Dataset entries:
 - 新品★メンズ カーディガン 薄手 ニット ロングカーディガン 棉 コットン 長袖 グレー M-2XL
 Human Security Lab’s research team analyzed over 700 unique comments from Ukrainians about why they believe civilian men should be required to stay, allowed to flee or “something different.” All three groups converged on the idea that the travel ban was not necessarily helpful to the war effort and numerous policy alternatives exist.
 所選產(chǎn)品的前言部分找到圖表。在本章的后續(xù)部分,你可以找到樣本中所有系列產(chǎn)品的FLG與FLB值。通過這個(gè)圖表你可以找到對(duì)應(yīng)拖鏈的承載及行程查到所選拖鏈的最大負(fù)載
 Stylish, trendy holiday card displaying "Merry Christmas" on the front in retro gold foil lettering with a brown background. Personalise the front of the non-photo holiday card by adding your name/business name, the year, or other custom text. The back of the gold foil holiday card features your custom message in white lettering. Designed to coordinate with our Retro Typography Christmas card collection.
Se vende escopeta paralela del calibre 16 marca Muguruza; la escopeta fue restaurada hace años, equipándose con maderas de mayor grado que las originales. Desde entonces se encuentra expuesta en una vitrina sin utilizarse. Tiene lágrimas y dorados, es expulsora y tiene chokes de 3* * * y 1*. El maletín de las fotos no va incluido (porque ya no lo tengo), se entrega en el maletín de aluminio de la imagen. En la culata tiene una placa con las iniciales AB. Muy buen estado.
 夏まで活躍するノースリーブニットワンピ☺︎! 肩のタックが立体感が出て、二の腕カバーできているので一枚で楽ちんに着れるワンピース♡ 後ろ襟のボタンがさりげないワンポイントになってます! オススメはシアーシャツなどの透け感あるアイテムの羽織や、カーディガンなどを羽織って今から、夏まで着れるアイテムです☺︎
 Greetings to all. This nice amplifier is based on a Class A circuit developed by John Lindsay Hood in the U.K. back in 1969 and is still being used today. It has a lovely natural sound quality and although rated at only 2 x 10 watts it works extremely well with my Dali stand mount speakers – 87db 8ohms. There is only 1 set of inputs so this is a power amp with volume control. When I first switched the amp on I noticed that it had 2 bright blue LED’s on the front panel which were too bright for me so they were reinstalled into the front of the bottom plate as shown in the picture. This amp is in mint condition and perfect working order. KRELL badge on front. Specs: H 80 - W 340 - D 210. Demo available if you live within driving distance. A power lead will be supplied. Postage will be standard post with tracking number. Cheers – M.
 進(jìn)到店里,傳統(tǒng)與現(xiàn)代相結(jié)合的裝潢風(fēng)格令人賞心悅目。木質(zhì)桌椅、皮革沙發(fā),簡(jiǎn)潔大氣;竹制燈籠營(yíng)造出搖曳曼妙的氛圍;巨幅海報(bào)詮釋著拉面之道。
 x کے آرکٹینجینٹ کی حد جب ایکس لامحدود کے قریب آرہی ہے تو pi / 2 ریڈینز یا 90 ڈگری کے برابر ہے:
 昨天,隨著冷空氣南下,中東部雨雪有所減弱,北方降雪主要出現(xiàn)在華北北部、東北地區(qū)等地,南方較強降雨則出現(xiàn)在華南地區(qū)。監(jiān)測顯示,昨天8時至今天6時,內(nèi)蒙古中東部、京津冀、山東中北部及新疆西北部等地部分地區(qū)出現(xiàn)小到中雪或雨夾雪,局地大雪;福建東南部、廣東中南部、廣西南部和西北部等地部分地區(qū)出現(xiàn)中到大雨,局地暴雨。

→ **WHAT THE TASK ASKS**: In the records above, find the lines containing "front" and copy them.

→ **EXERCISE OUTPUT**:
 Stylish, trendy holiday card displaying "Merry Christmas" on the front in retro gold foil lettering with a brown background. Personalise the front of the non-photo holiday card by adding your name/business name, the year, or other custom text. The back of the gold foil holiday card features your custom message in white lettering. Designed to coordinate with our Retro Typography Christmas card collection.
 Greetings to all. This nice amplifier is based on a Class A circuit developed by John Lindsay Hood in the U.K. back in 1969 and is still being used today. It has a lovely natural sound quality and although rated at only 2 x 10 watts it works extremely well with my Dali stand mount speakers – 87db 8ohms. There is only 1 set of inputs so this is a power amp with volume control. When I first switched the amp on I noticed that it had 2 bright blue LED’s on the front panel which were too bright for me so they were reinstalled into the front of the bottom plate as shown in the picture. This amp is in mint condition and perfect working order. KRELL badge on front. Specs: H 80 - W 340 - D 210. Demo available if you live within driving distance. A power lead will be supplied. Postage will be standard post with tracking number. Cheers – M.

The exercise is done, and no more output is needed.